Digging even deeper, I invoked the old Sysinternals RootKit reveiler (for what it's worth anymore) and didn't see anything related to the log entry or similar path at all.  I understand that there are some default NTFS metadata items that may/may not appear based on settings of RKR.  I also took a baseline from another Win 2k3 server to compare what I was finding.  Again, nothing really stood out to me as being errant.

So, I guess my next question for you Guru's out there is:  What should I be looking FOR in the debug logs for the Windows Agent that might point me in the direction of my failure?  And/or:  If the above item (containing the Asian language characters) IS what I should be concerned with, can you suggest how I might further find this in the registry and/or file-system?

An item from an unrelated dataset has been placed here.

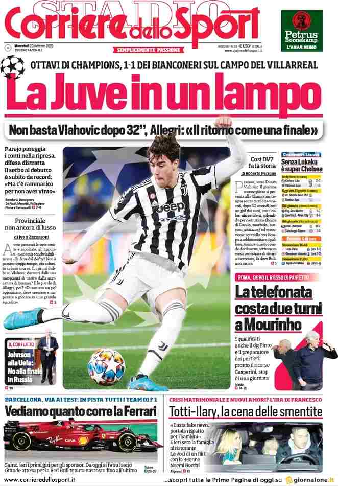 La rassegna stampa di Calciomercato.it vi propone i titoli principali sulla prima pagina di oggi, mercoledì 23 febbraio 2022, del ‘Corriere dello Sport’: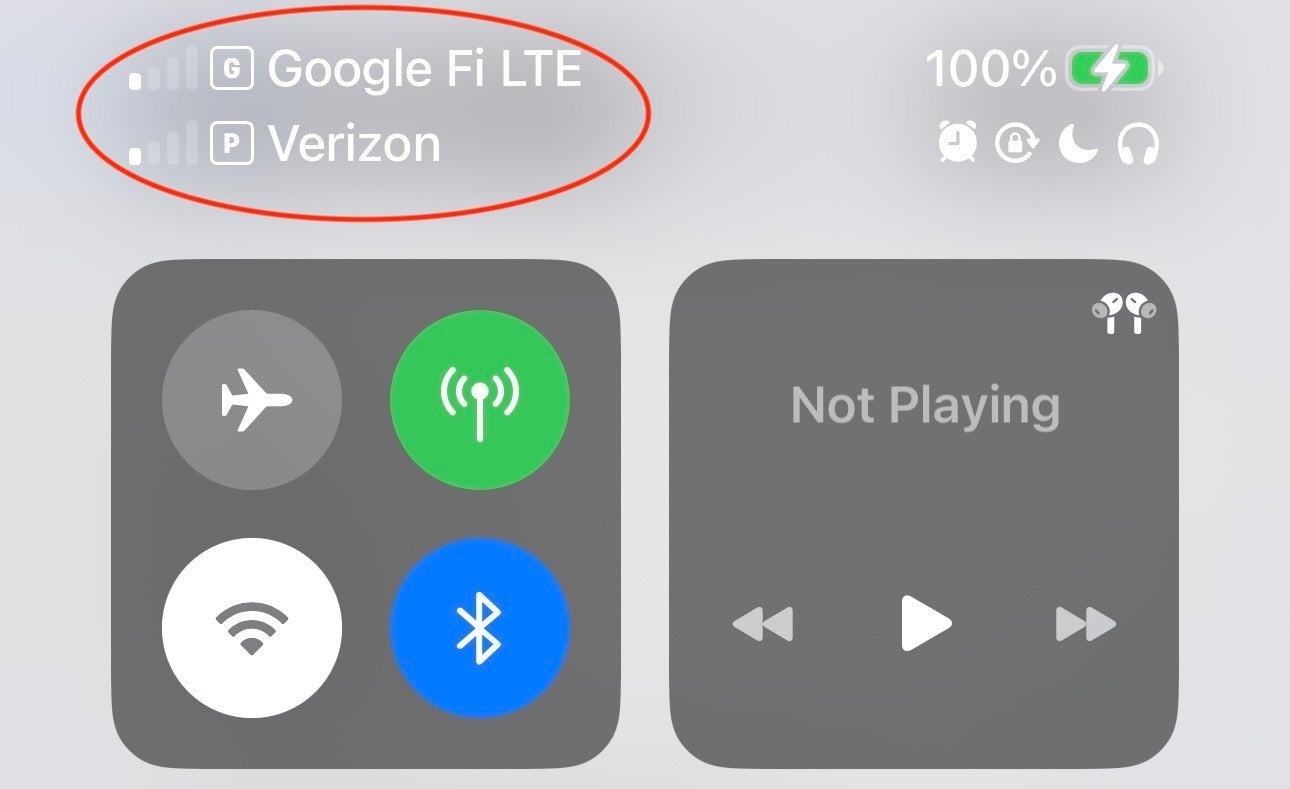 When Google Fi is listed first, that means it's being used as the primary data line and Verizon is active in the background. APPLE

      Again, Thank you in advance...

-M

Colin Weaver's picture

We have had issues with double byte (cyrillic/asian/greek etc) characters in the past.

However I think at this point you probably need to log a formal support case for us to properly review the logs.

M Strong's picture

Colin, I've opened a support case as per your recommendation. As soon as someone touches base with me I will supply the debug log from the failed backup job and update this thread if/when I receive any info back about the cause/solution of the issue.

Case# 03990971 - in case you are interested.

Thank you,

-M

Jivo's picture

I am looking at the same error trying to back up a Windows 2008 x64 domain controller. Job Log reports that 18 System State components were backed up, and 1 was skipped. I presume that it's a WMI component since the error (V-79-57344-33928 - Access Denied ....) appears below "Shadow Copy Component WMI"

I am pretty frustrated becase of the fact that the most basic "complete backup" of one server ended up in a two months debugging adventure for no apparent reason.

I am looking forward to whatever you will receive from tech support.